(Stored dataset items)
++++++++

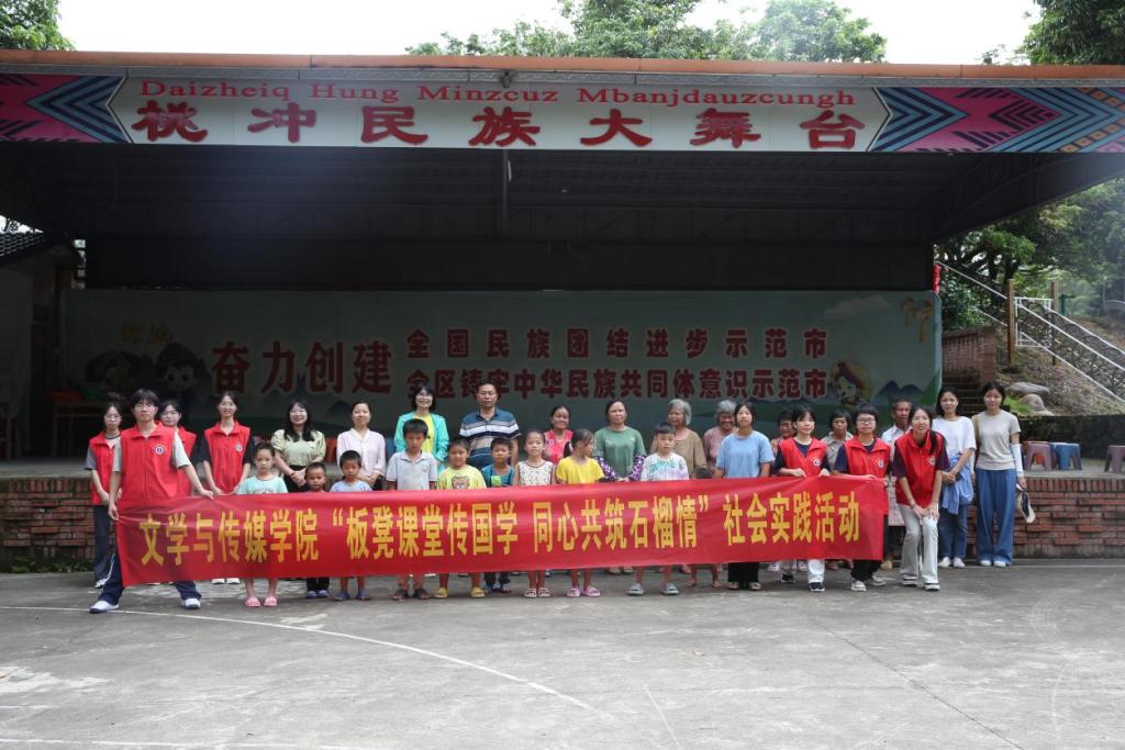 连日来,在玉林市各个少数民族村落,实践团成员搬来小板凳,让村民们围坐一圈,开展铸牢中华民族共同体意识理论宣讲。通过“板凳课堂”与村民沟通交流,及时收集意见、答疑解惑,进一步扩展覆盖面,打造民众身边的流动课堂。以街边采访、问卷调查、入户走访等形式,进一步摸清少数民族村落普通话普及的情况,了解民族语言在乡村生活中的实际情况。实践团结合当地实际情况,采取民众喜闻乐见的形式,对象化、分众化、互动化地开展宣讲,更好地适应不同少数民族村落的人文风俗习惯,达到高效能宣讲效果,增大覆盖面的广度和宣讲内容的深度,真正贯彻民族团结的方针和落实推普宣传工作。成员与群众们在交往、交流、交融中,搭建了文化桥梁,让民众受教育、学生长才干,共做文化交融的先行者。
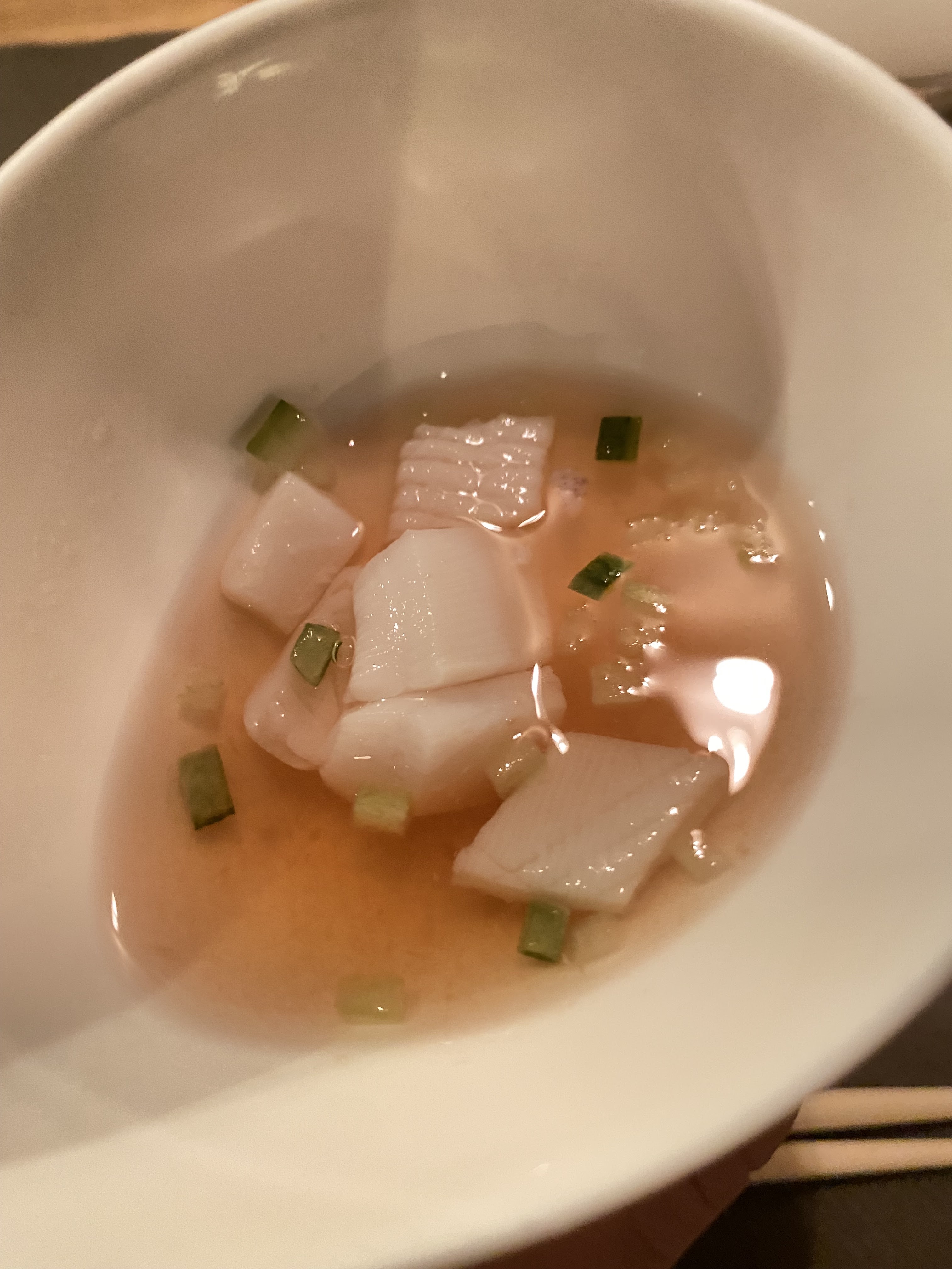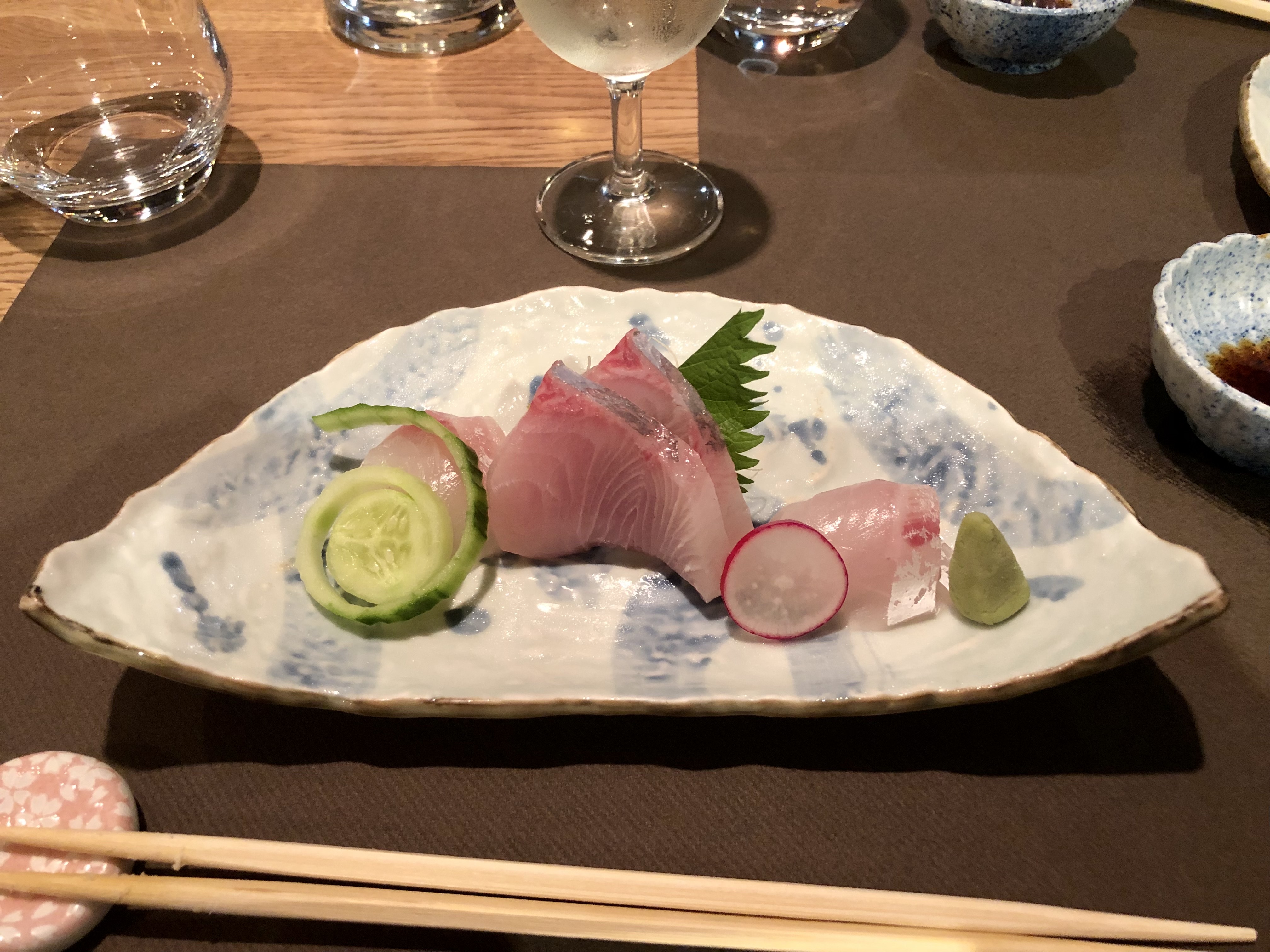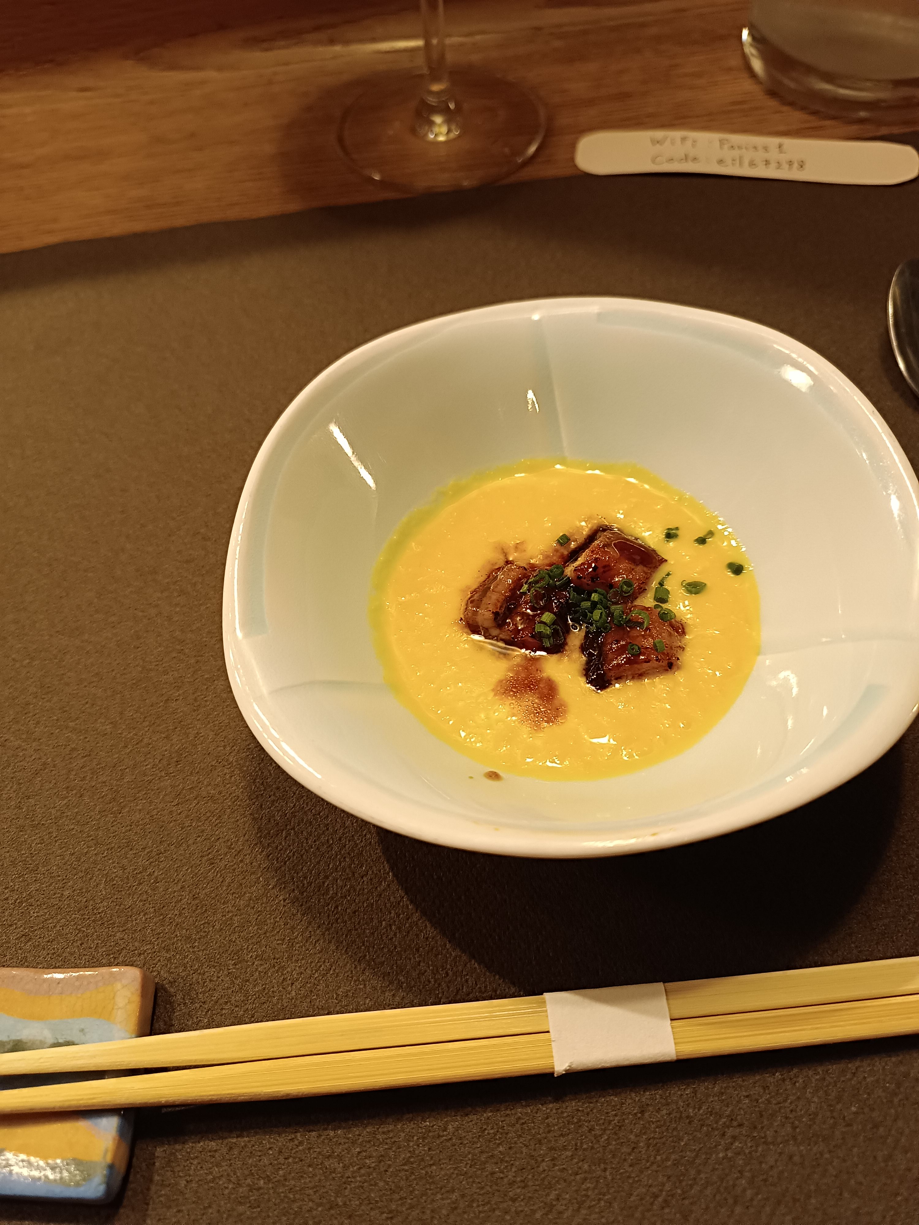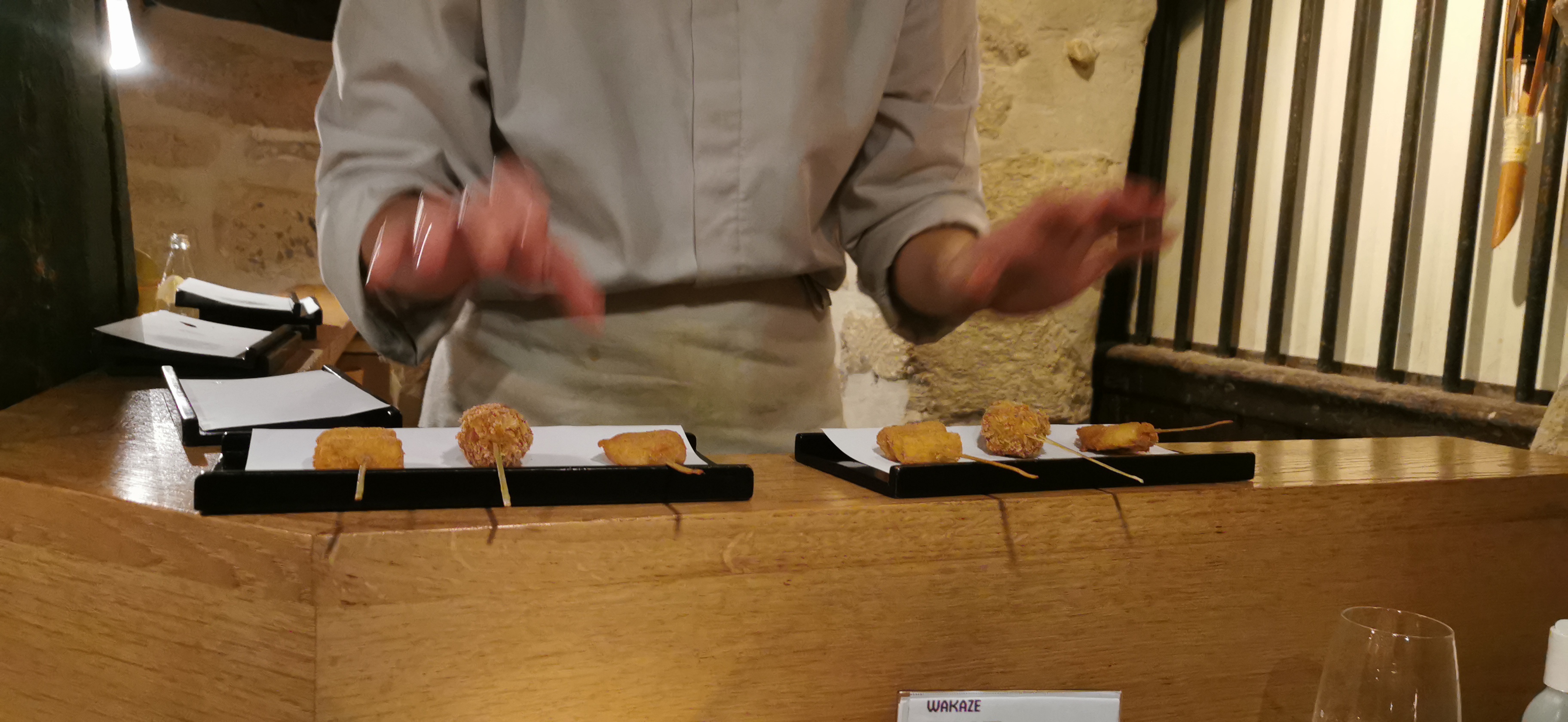 J’ai juste adoré L’ entrée est basse il faut bien se baissé sinon on se cogne la tête On entre dans une cave minimaliste Du 17 eme siècle Le décor est en bois, chêne clair D’entrée de jeu on est bien et la présentation de la table est élégante On découvre une cuisine maîtrisée 15 brochettes style Osaka Le style est toutefois moins maîtrisé que chez Bon, et les choix des brochettes , kushiagué, plus européen Les sashimis d’ouverture du menu à 52€ sont une tuerie ! Fraîcheur exceptionnelle Le liche , le poisson japonais est un vrai délice Frit je le trouve moins goûteux Enfin soupe de riz, ochakuzé, chaude, bien assaisonnée ou des nouilles fines d’Inaniwa, les pâtes ont ma préférence, froides et très agréables en ce temps de forte chaleur 🥵 Les toilettes sont propres mais sans plus La lunette des toilettes des femmes est à réparer
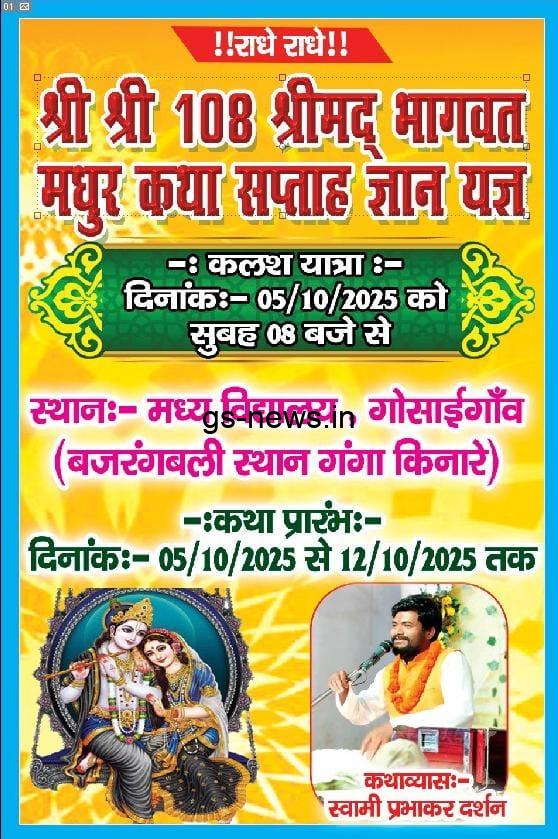 नवगछिया। गोपालपुर प्रखंड के गोसाईगाँव स्थित मध्य विद्यालय प्रांगण (बजरंगबली स्थान, गंगा किनारे) में श्री श्री 108 श्रीमद्भागवत मधुर कथा सप्ताह ज्ञान यज्ञ का आयोजन किया जा रहा है। यह धार्मिक अनुष्ठान 5 अक्टूबर 2025 से 12 अक्टूबर 2025 तक चलेगा।
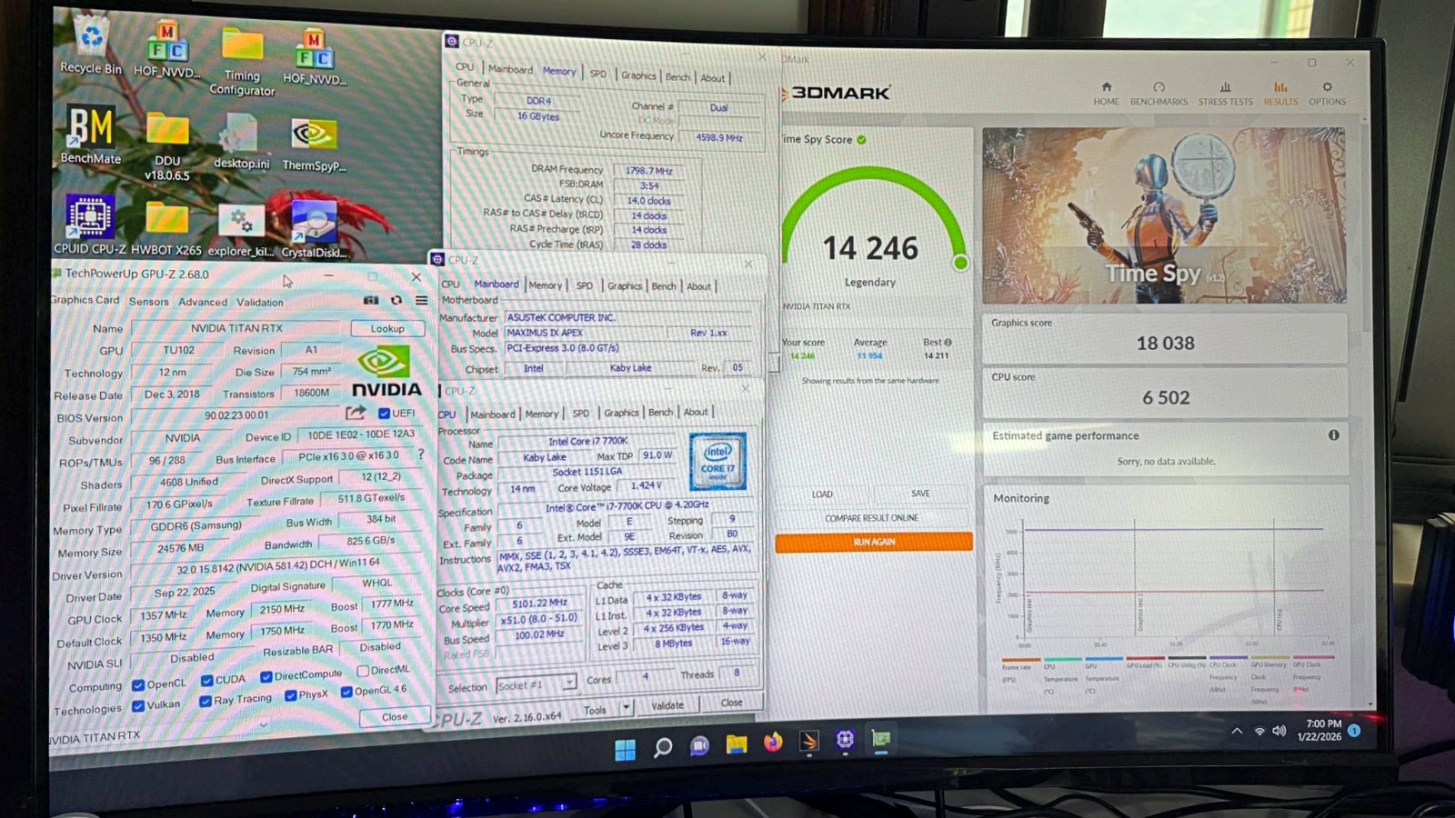 在完成一連串硬體移植後,「魔改 RTX 2080 Ti HoF」(或稱超級版 Titan RTX)於 3DMark 高階效能測試工具 TimeSpy Extreme 跑出 18,038 分的成績,超越多數高階顯卡的常態表現,作為對照,兩張 Titan RTX 串聯 SLI 平均分數約 17,000 分,而 RTX 3090 平均成績落在 14,000 分。
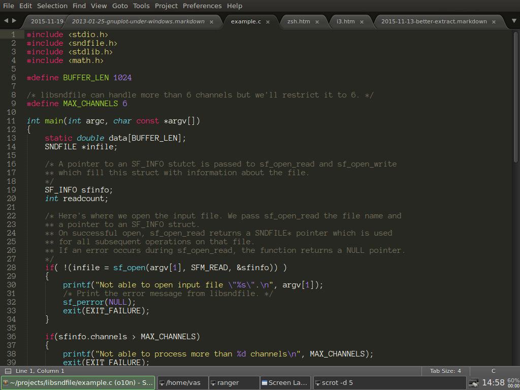 Почему я выбрал такие цвета? Именно такой серый цвет не отвлекает от работы, хорошо сочетается с редактором Sublime Text и дефолтным серым фоном. Хорошо читаются состояния задач, особенно активное окно.
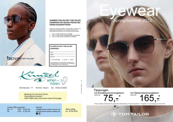 Ihr seid noch auf der Suche nach einer passenden Sonnenbrille für die erste Frühlingssonne oder den anstehenden Sommerurlaub? Dann haben wir das Richtige für euch. Wir waren in Ebern bei Künzel hören & sehen unterwegs und haben viele trendige Sonnenbrillen gefunden. Ein Gewinnspiel von Tom Tailor gibt es noch oben drauf. Schaut doch mal rein und holt euch eure Gewinnspielkarte ab, wir wünschen euch viel Glück.
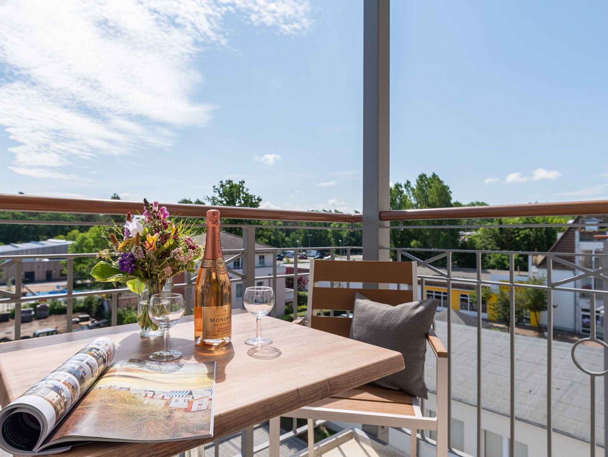 Das Apartment bietet mit seinen zwei Zimmern genügend Platz für 4 Personen. Außerdem verfügt es neben seiner Wohnfläche von ca. 44 qm auch über einen Balkon. Dieser ist mit Balkonmöbeln und einem Sonnenschirm ausgestattet.
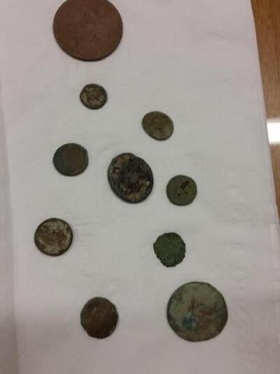 Οι αστυνομικοί βρήκαν στο εσωτερικό των οχημάτων και κατέσχεσαν, τρεις ανιχνευτές μετάλλων, σκαπτικά εργαλεία και τα παρακάτω αρχαία νομίσματα:
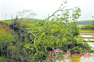 昨日凌晨,河源市東源縣順天鎮(zhèn)楓木、橫塘等5個山村不同程度地遭受到龍卷風、冰雹的突然襲擊,導致當?shù)卮笃r(nóng)田受災,數(shù)千株板栗樹被龍卷風摧倒,據(jù)當?shù)叵嚓P部門昨日下午統(tǒng)計,直接經(jīng)濟損失估計逾達860多萬元,所幸未造成人員傷亡。

++++++++

TASK. Could all the data above be given again exactly, leaving out its images?

SOLVED EXERCISE.
 连日来,在玉林市各个少数民族村落,实践团成员搬来小板凳,让村民们围坐一圈,开展铸牢中华民族共同体意识理论宣讲。通过“板凳课堂”与村民沟通交流,及时收集意见、答疑解惑,进一步扩展覆盖面,打造民众身边的流动课堂。以街边采访、问卷调查、入户走访等形式,进一步摸清少数民族村落普通话普及的情况,了解民族语言在乡村生活中的实际情况。实践团结合当地实际情况,采取民众喜闻乐见的形式,对象化、分众化、互动化地开展宣讲,更好地适应不同少数民族村落的人文风俗习惯,达到高效能宣讲效果,增大覆盖面的广度和宣讲内容的深度,真正贯彻民族团结的方针和落实推普宣传工作。成员与群众们在交往、交流、交融中,搭建了文化桥梁,让民众受教育、学生长才干,共做文化交融的先行者。
 J’ai juste adoré L’ entrée est basse il faut bien se baissé sinon on se cogne la tête On entre dans une cave minimaliste Du 17 eme siècle Le décor est en bois, chêne clair D’entrée de jeu on est bien et la présentation de la table est élégante On découvre une cuisine maîtrisée 15 brochettes style Osaka Le style est toutefois moins maîtrisé que chez Bon, et les choix des brochettes , kushiagué, plus européen Les sashimis d’ouverture du menu à 52€ sont une tuerie ! Fraîcheur exceptionnelle Le liche , le poisson japonais est un vrai délice Frit je le trouve moins goûteux Enfin soupe de riz, ochakuzé, chaude, bien assaisonnée ou des nouilles fines d’Inaniwa, les pâtes ont ma préférence, froides et très agréables en ce temps de forte chaleur 🥵 Les toilettes sont propres mais sans plus La lunette des toilettes des femmes est à réparer
 नवगछिया। गोपालपुर प्रखंड के गोसाईगाँव स्थित मध्य विद्यालय प्रांगण (बजरंगबली स्थान, गंगा किनारे) में श्री श्री 108 श्रीमद्भागवत मधुर कथा सप्ताह ज्ञान यज्ञ का आयोजन किया जा रहा है। यह धार्मिक अनुष्ठान 5 अक्टूबर 2025 से 12 अक्टूबर 2025 तक चलेगा।
 在完成一連串硬體移植後,「魔改 RTX 2080 Ti HoF」(或稱超級版 Titan RTX)於 3DMark 高階效能測試工具 TimeSpy Extreme 跑出 18,038 分的成績,超越多數高階顯卡的常態表現,作為對照,兩張 Titan RTX 串聯 SLI 平均分數約 17,000 分,而 RTX 3090 平均成績落在 14,000 分。
 Почему я выбрал такие цвета? Именно такой серый цвет не отвлекает от работы, хорошо сочетается с редактором Sublime Text и дефолтным серым фоном. Хорошо читаются состояния задач, особенно активное окно.
 Ihr seid noch auf der Suche nach einer passenden Sonnenbrille für die erste Frühlingssonne oder den anstehenden Sommerurlaub? Dann haben wir das Richtige für euch. Wir waren in Ebern bei Künzel hören & sehen unterwegs und haben viele trendige Sonnenbrillen gefunden. Ein Gewinnspiel von Tom Tailor gibt es noch oben drauf. Schaut doch mal rein und holt euch eure Gewinnspielkarte ab, wir wünschen euch viel Glück.
 Das Apartment bietet mit seinen zwei Zimmern genügend Platz für 4 Personen. Außerdem verfügt es neben seiner Wohnfläche von ca. 44 qm auch über einen Balkon. Dieser ist mit Balkonmöbeln und einem Sonnenschirm ausgestattet.
 Οι αστυνομικοί βρήκαν στο εσωτερικό των οχημάτων και κατέσχεσαν, τρεις ανιχνευτές μετάλλων, σκαπτικά εργαλεία και τα παρακάτω αρχαία νομίσματα:
 昨日凌晨,河源市東源縣順天鎮(zhèn)楓木、橫塘等5個山村不同程度地遭受到龍卷風、冰雹的突然襲擊,導致當?shù)卮笃r(nóng)田受災,數(shù)千株板栗樹被龍卷風摧倒,據(jù)當?shù)叵嚓P部門昨日下午統(tǒng)計,直接經(jīng)濟損失估計逾達860多萬元,所幸未造成人員傷亡。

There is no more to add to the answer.